"We need jobs and can't wait forever for someone to act," said protester Marcia Hollins. "I've been on St. Croix for over 45 years and I have never seen it this bad. Everything is going higher and higher, and we just have to have some relief, some way to get some jobs back," she said.
The project, now being called Amalago Bay, would border Rainbow Beach on the south and Sunset Beach on the north. A total of 322 rooms are to be part of a main casino-hotel complex. Around that will be three swimming pools.
An 18-hole public golf course is to run eastward up into the forested hills of Estates William and Punch. Two channels from the sea are to be carved inland, creating a lagoon for a 64-slip inland marina. The channels and lagoon would create a small beach island connected to the resort by a bridge coming over the south channel.
A 56-room beach hotel is planned on the artificial island. The developers began the design and permitting process in 2006.
It has been well over a year since the developers submitted their U.S. Army Corps of Engineers permit application materials.
In February, St. Croix civic activist George Flores and a group of pro-development residents calling itself "We the People" held a town meeting and a protest aimed at getting the permit process moving along.
A single National Oceanic and Atmospheric Administration official has been delaying the Williams and Punch development by failing to submit comments for its U.S. Army Corps of Engineers permit for over a year, according to St. Croix resident and William and Punch local partner Chris Elliott.
Studies and documentation have been filed, objections answered, and the U.S. Army Corps of Engineers is ready to issue permits for the project, Elliott said. As part of that process, the Environmental Protection Agency, NOAA's National Marine Fisheries Service Habitat Conservation Division, and several other agencies are asked to submit comments. The comments can influence the Army Corps of Engineers, but are only suggestive and not binding upon it, according to the developers.
The permit process sets a time-limit for the agencies to submit comments, but one specific official at the National Marine Fisheries Service had refused to officially acknowledge receipt of the request for comments, preventing the deadline clock for comments from starting, developers said.

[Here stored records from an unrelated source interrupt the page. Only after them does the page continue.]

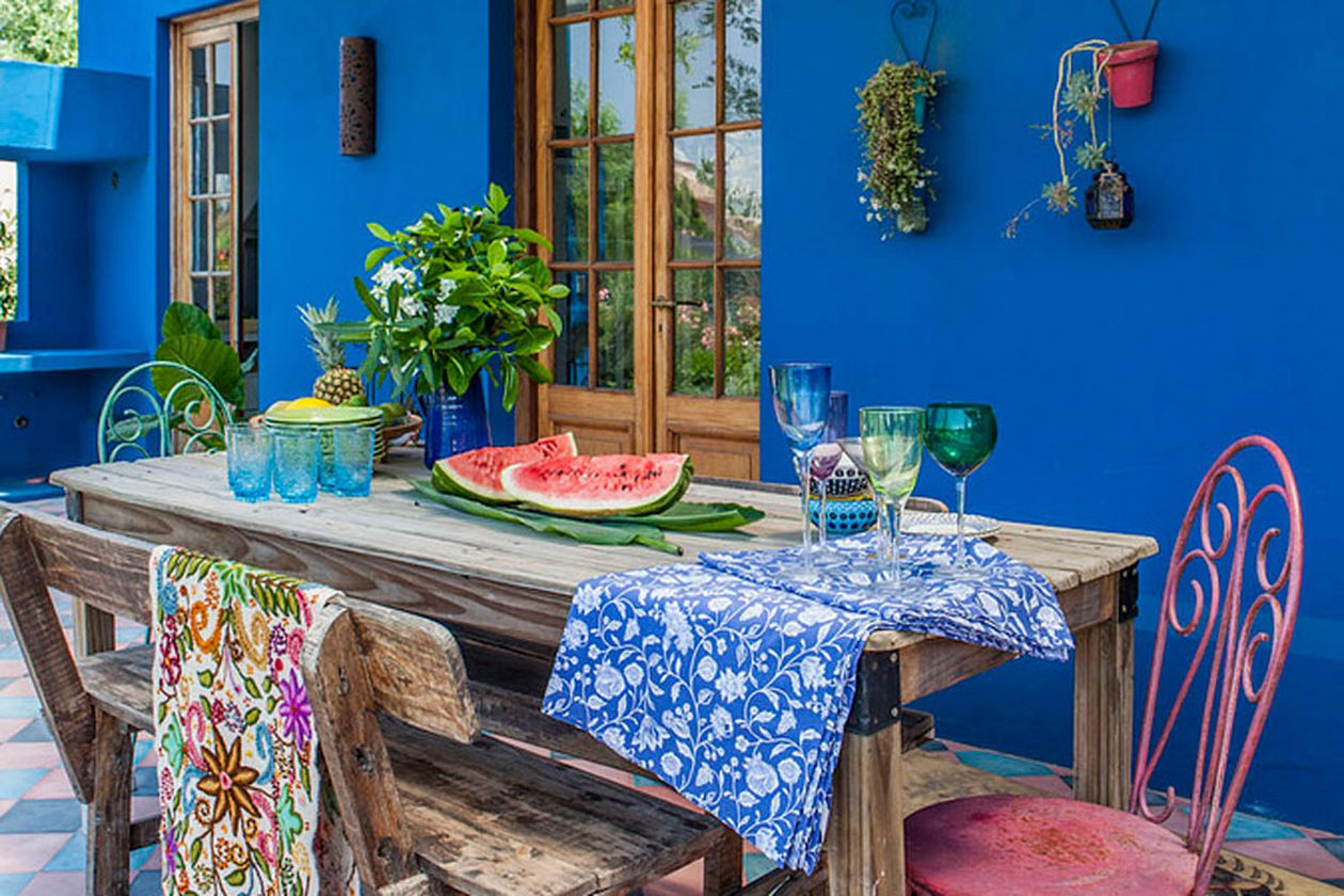 Si lo que quieres es decorar un espacio exterior como un porche o una terraza te damos ideas de como puedes combinar el azul en las paredes y combinarlo con tonos rosas en distintos elementos como es el suelo y las sillas todo combinado con una mesa antigua de madera natural encerada, obteniendo un resultado acogedor y de estilo mediterráneo que hará que tus momentos de exterior sean muy agradables.
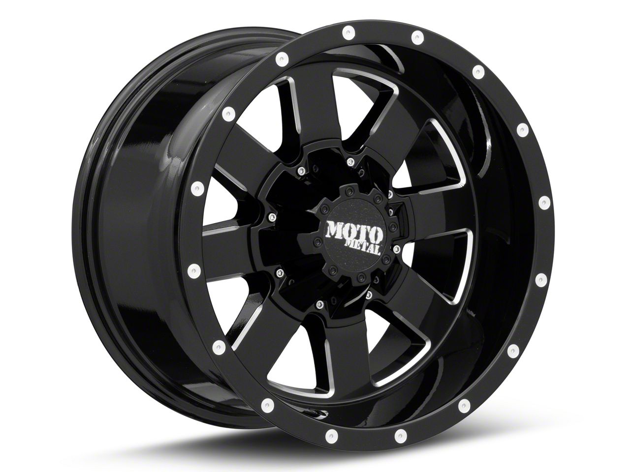 The 18x12 Moto Metal MO962 Gloss Black Milled Wheel is completed in a high-quality gloss black finish with steel milled accents for an aggressive appearance that will turn heads. This wheel features a durable clear coat that stands up to the hazards of everyday driving.
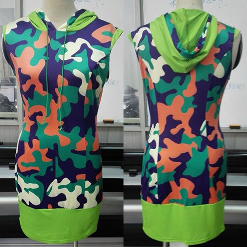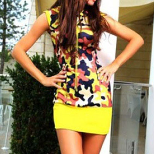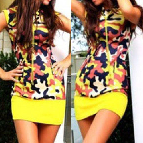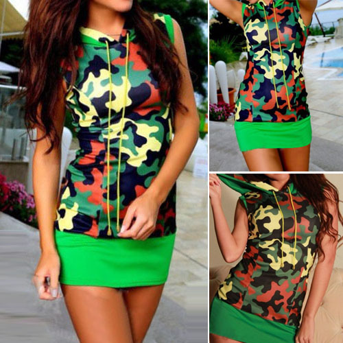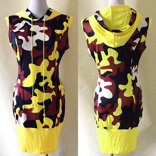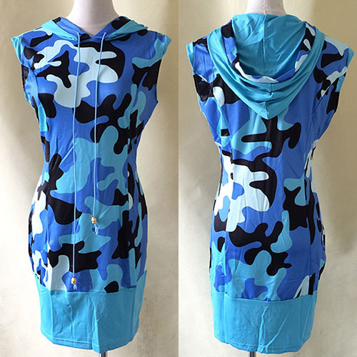 This dress features camouflage printed pattern,with sleeveless,hooded and slim fit design,which
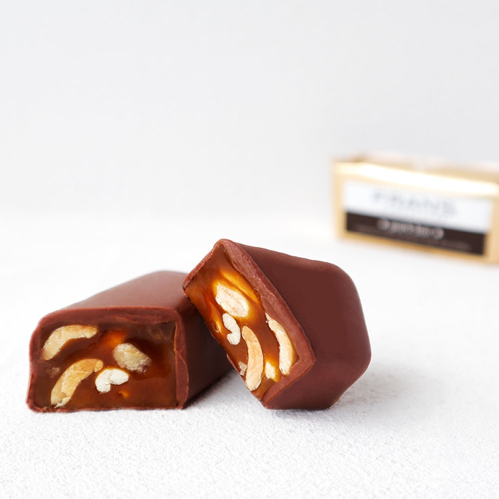 なめらかなキャラメルとローストしたピーナッツをミルクチョコレートでコーティング。香ばしくローストしたピーナッツと風味豊かなバターキャラメルを濃厚なミルクチョコレートが相性抜群な逸品をお楽しみください。
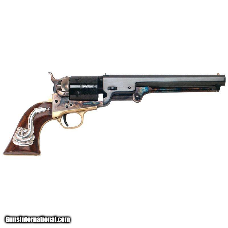 Description: Guns Listing ID: 13618 Another gun in Cimarrons line of faithful Colt reproductions the Cimarron SA Frontier is a family of six-shot revolver chambered in either 357 Mag38 Special or 45LC. Models in this family are available with barrels 3.5 4.75 5.5 or 7.5 in length. The Cimarron SA Frontier features a case-hardened frame blue or stainless steel finishes alongside a one-piece walnut handle. The original Colt that Cimarrons SA Frontier was designed from was made popular by both criminals and law enforcement officials in the Wild West. Details Action Single - Caliber .38 Colt and SW Special - Capacity 5 - Finish Standard Blued - Frame Case Hardened - Grip 1 Piece Walnut w Rattle Snake Inlay - Barrel Length 7.5 - Weight 3.05 lb - Replica of the 1851 Conversion used in the 1960s Spaghetti Westerns. Manufacturer: CIMARRON Model: MAN WITH NO NAME Caliber Info: .38 SPL Condition: new Barrels: 7.5" BARREL Action: SINGLE SHOT Weight: 3 Price: $899.99 Contact Seller |
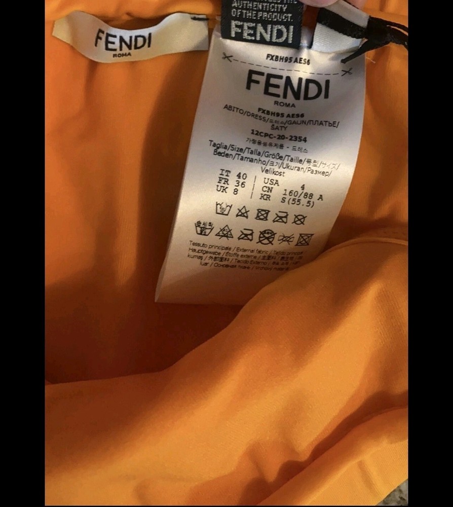 The authentic Fendi bikini is a stylish and high-quality piece of swimwear designed for women. This bikini top in vibrant orange color features adjustable straps and a stretchy material for a comfortable fit. Perfect for a beach day or poolside lounging, this bikini exudes a colorful and playful theme, making it a fashionable choice for your next summer vacation.
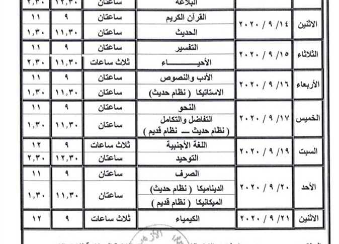 وجاءت جداول امتحانات الدور الثاني للشهادة الثانوية الأزهرية كما يلي:
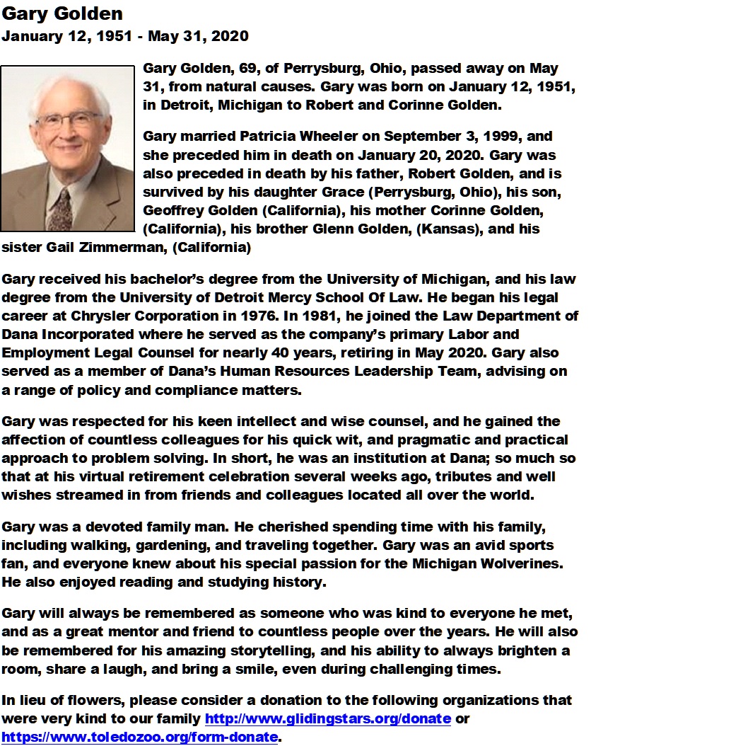 Golden, Gary - Obituary, Witzler Shank Funeral Home, Perrysburg, OH

After the protest in February, Delegate to Congress Donna Christensen met with NOAA and EPA officials and was told the NMFS Habitat Conservation Division would submit its analysis of the proposed development's impacts to essential fish habitat by April 26.
But that deadline came and went.
"They asked for a 30 day extension and got it from the Army Corps of Engineers," Elliott said Tuesday. "They then said they needed more time and said they would have it by Aug. 31. Then that day came and went and they said they had new information on turtle nesting.”
He continued, however, that it was not new information. “We had included it in our biological assessment," he said. "A handful of people in the federal government are impacting us in a very negative way."
Elliott said Flores contacted him about the delays, asking what could be done to push the process along, and he welcomed the help. According to Flores, the protest's timing and location were chosen because the NOAA official in question, who they said was one Lisa-Marie Carruba, was scheduled to be in a meeting in the Almeric Christian building that morning.
"We were there so she could get the message right up front and come out and talk to us to hear our concerns, but she never did," Flores said Tuesday afternoon after the protest.
Called Tuesday afternoon for a response, local NOAA officials said they would have information on NOAA's position regarding the permit on Wednesday.